— REQUIREMENT —
Your job is to print, exactly, the lines in the data below from the line with "MSFT Stock Daily" through the line with "The company Doblin", both included, and to omit any picture.

— DATA FOR REVIEW —

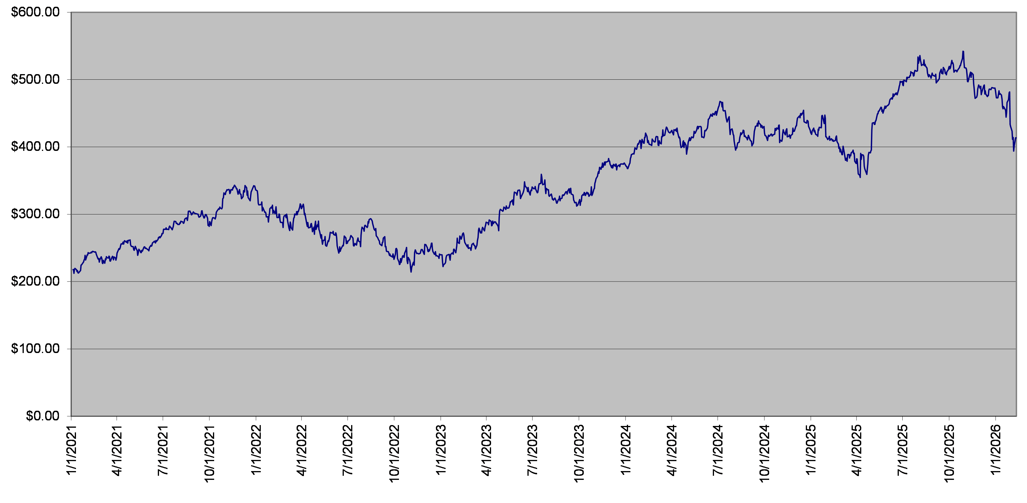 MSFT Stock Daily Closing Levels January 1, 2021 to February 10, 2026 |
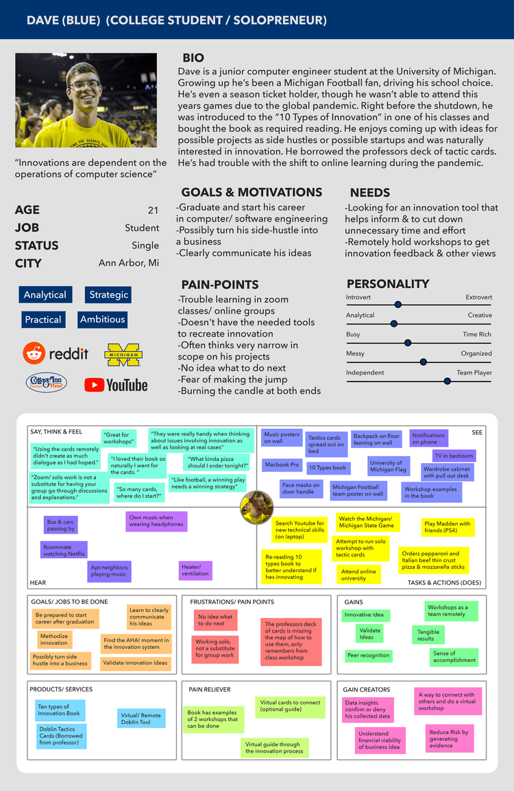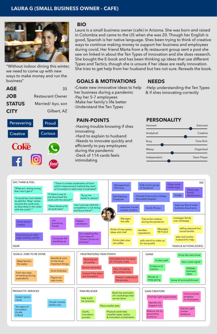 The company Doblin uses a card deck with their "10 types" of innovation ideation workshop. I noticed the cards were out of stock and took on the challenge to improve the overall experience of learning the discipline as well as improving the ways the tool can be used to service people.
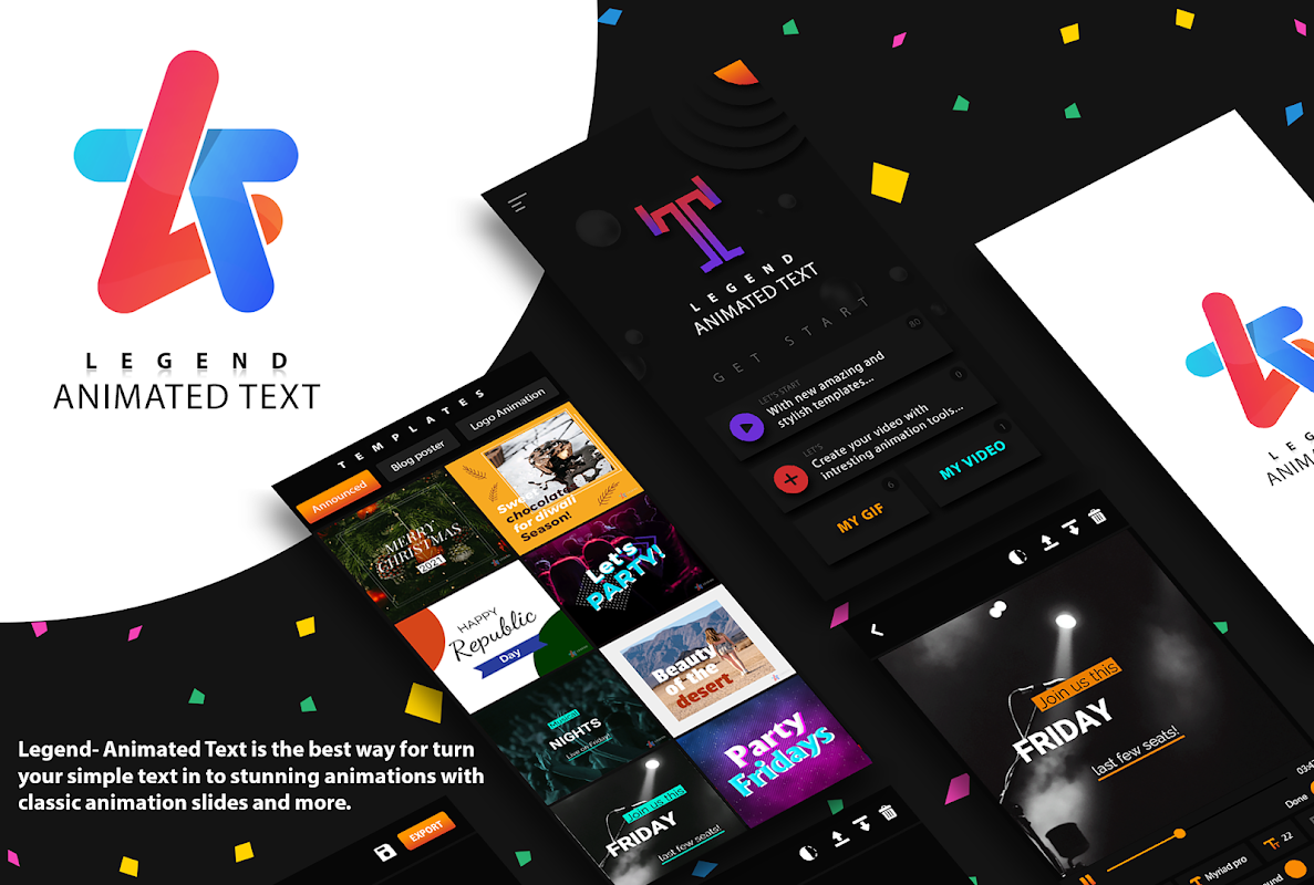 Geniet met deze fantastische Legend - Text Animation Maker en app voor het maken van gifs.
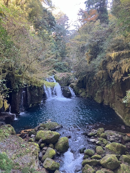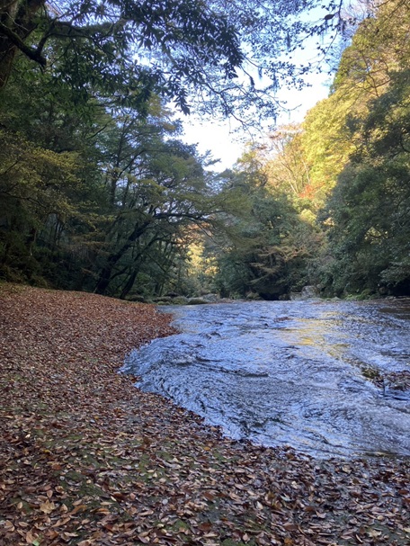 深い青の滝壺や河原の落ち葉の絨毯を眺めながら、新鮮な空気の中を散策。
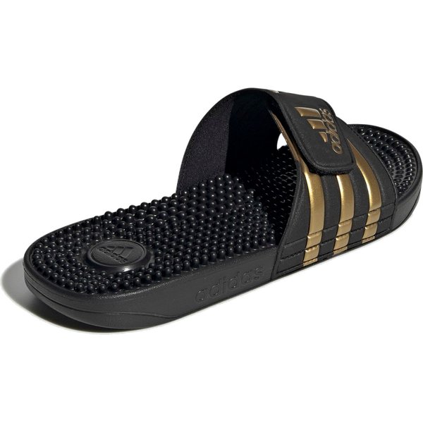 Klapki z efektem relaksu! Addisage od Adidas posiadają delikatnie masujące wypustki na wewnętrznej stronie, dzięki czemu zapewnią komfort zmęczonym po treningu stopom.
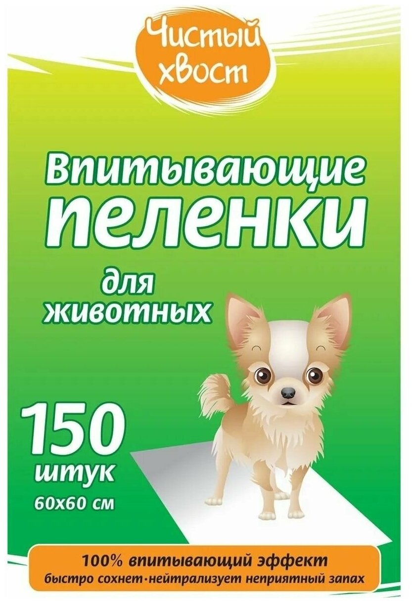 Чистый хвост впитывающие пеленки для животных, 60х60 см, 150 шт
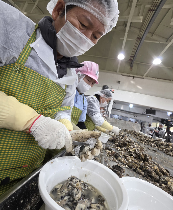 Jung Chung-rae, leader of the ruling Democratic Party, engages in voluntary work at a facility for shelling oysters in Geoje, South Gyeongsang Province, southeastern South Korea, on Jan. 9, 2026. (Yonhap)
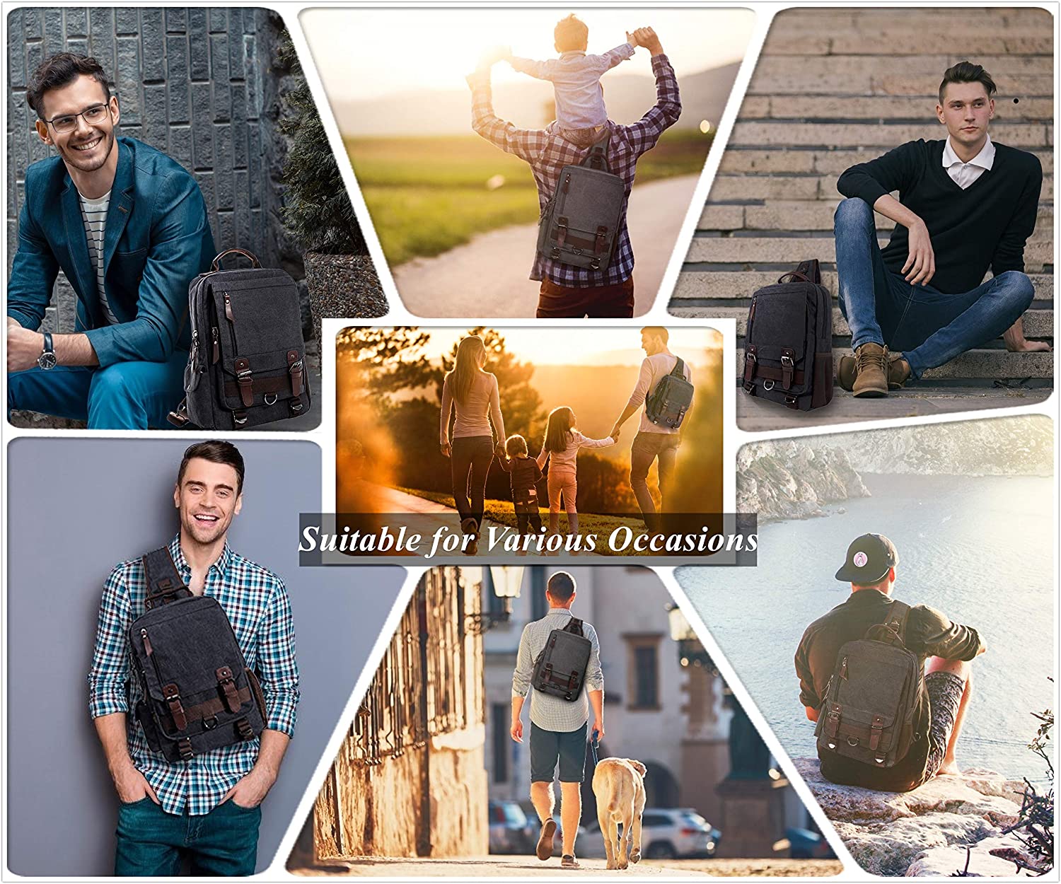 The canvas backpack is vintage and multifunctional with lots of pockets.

...

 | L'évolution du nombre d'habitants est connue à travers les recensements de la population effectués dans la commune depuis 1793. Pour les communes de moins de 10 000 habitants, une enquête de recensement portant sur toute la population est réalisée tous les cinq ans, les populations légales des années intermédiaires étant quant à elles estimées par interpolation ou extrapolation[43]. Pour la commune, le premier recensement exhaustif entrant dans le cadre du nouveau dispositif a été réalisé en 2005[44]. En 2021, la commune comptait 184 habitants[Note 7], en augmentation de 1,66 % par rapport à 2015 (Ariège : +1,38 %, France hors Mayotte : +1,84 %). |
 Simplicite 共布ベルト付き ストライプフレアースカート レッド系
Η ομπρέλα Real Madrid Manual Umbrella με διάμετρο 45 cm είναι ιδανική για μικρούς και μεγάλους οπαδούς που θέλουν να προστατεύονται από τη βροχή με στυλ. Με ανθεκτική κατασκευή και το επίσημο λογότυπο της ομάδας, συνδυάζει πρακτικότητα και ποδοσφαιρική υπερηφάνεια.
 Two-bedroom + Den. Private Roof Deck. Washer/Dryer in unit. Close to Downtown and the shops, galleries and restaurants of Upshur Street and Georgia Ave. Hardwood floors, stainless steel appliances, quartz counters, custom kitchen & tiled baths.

==

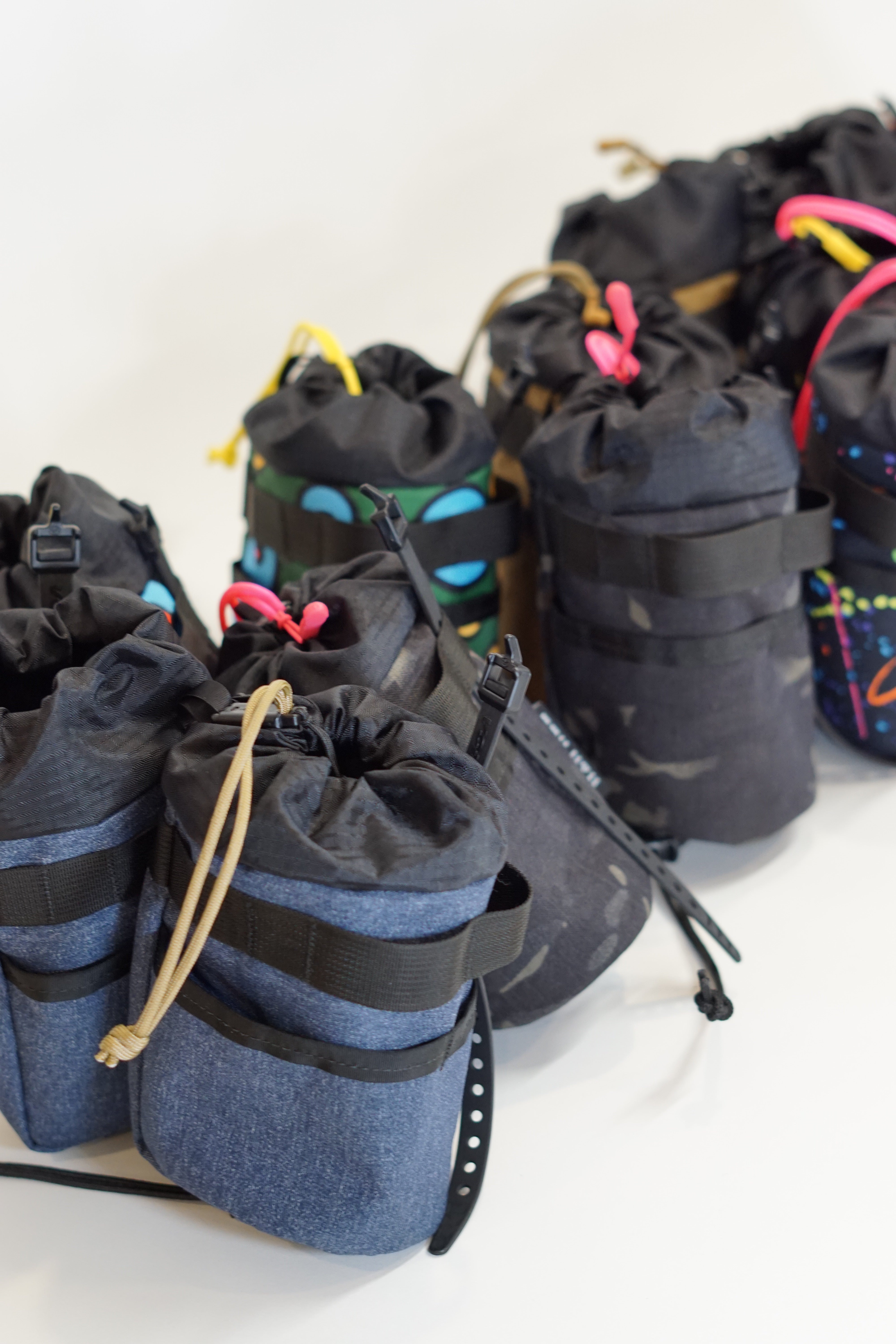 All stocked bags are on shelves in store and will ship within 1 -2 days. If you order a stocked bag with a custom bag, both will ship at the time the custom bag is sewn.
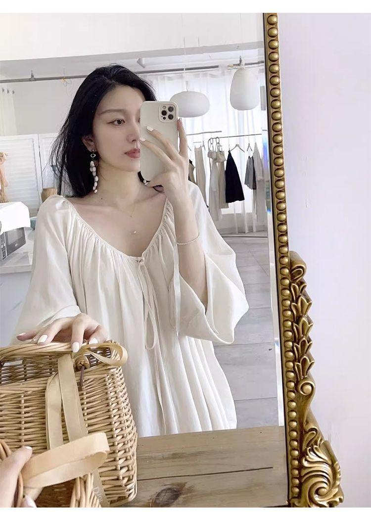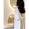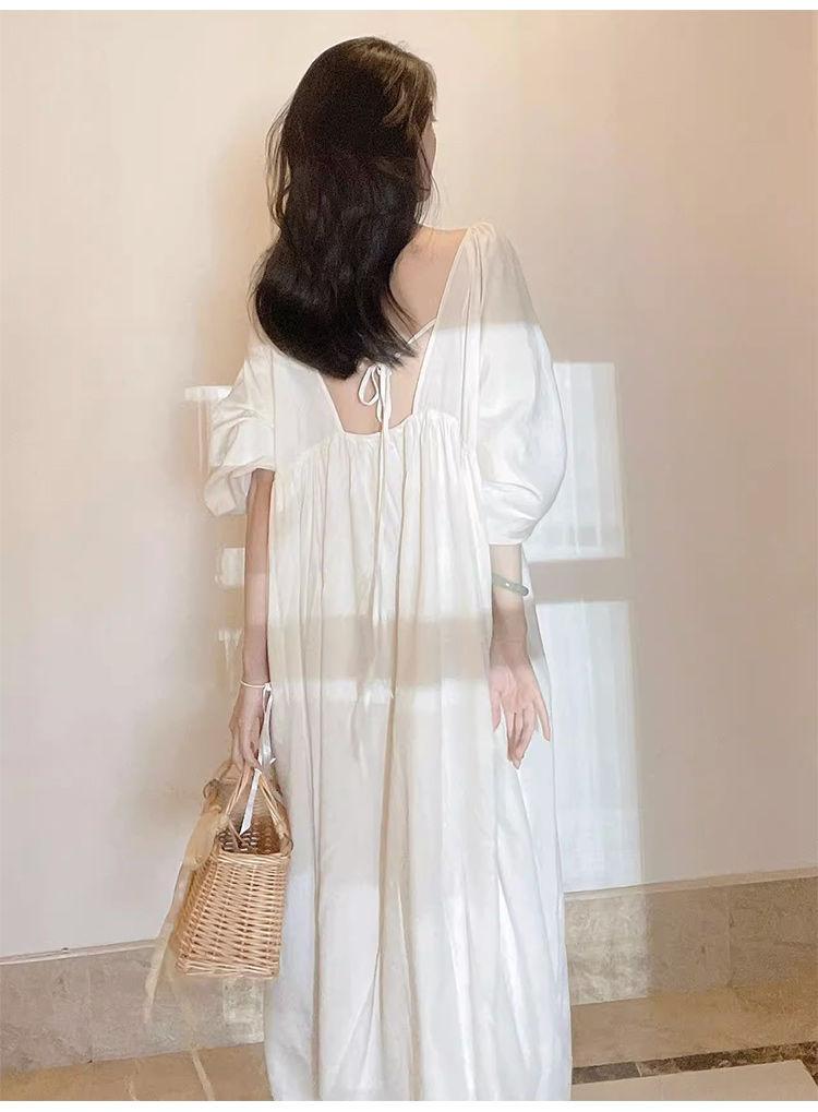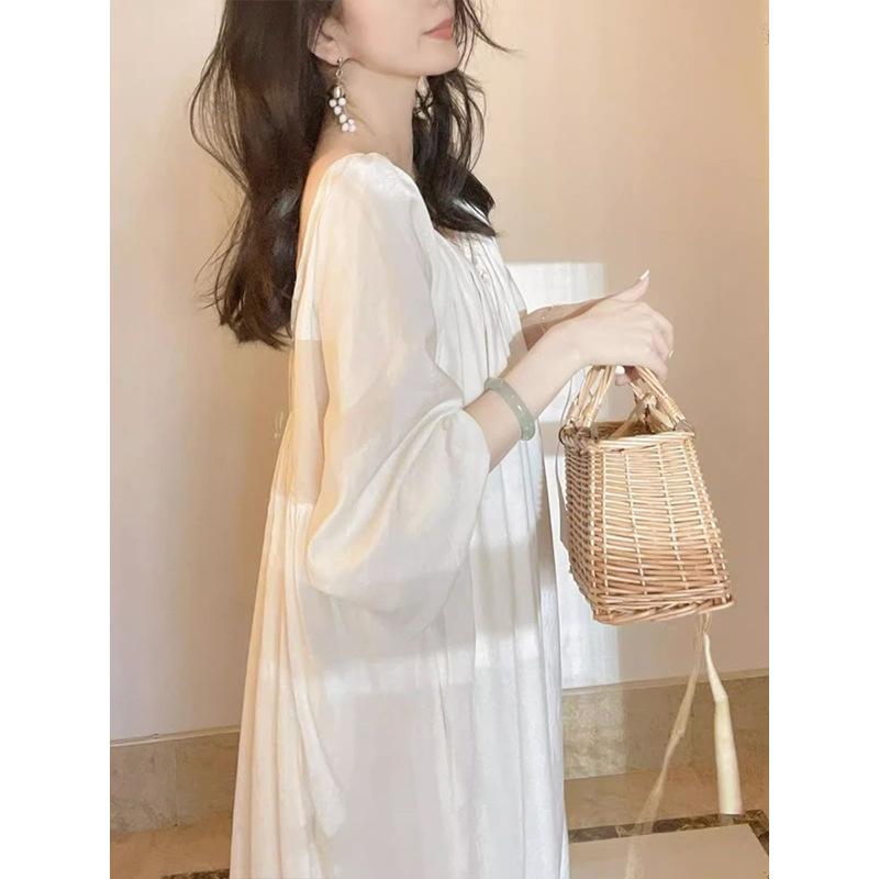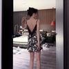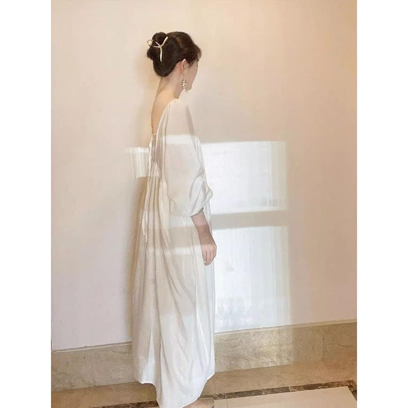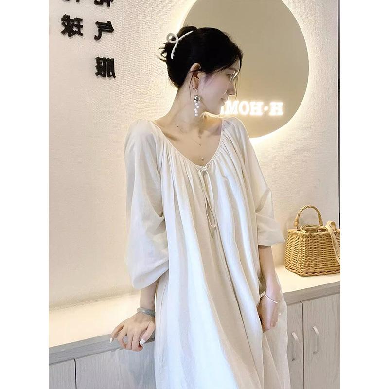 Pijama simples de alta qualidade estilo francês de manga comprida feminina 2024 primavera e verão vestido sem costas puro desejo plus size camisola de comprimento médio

— RESULT OF THE TASK —
 MSFT Stock Daily Closing Levels January 1, 2021 to February 10, 2026 |
 The company Doblin uses a card deck with their "10 types" of innovation ideation workshop. I noticed the cards were out of stock and took on the challenge to improve the overall experience of learning the discipline as well as improving the ways the tool can be used to service people.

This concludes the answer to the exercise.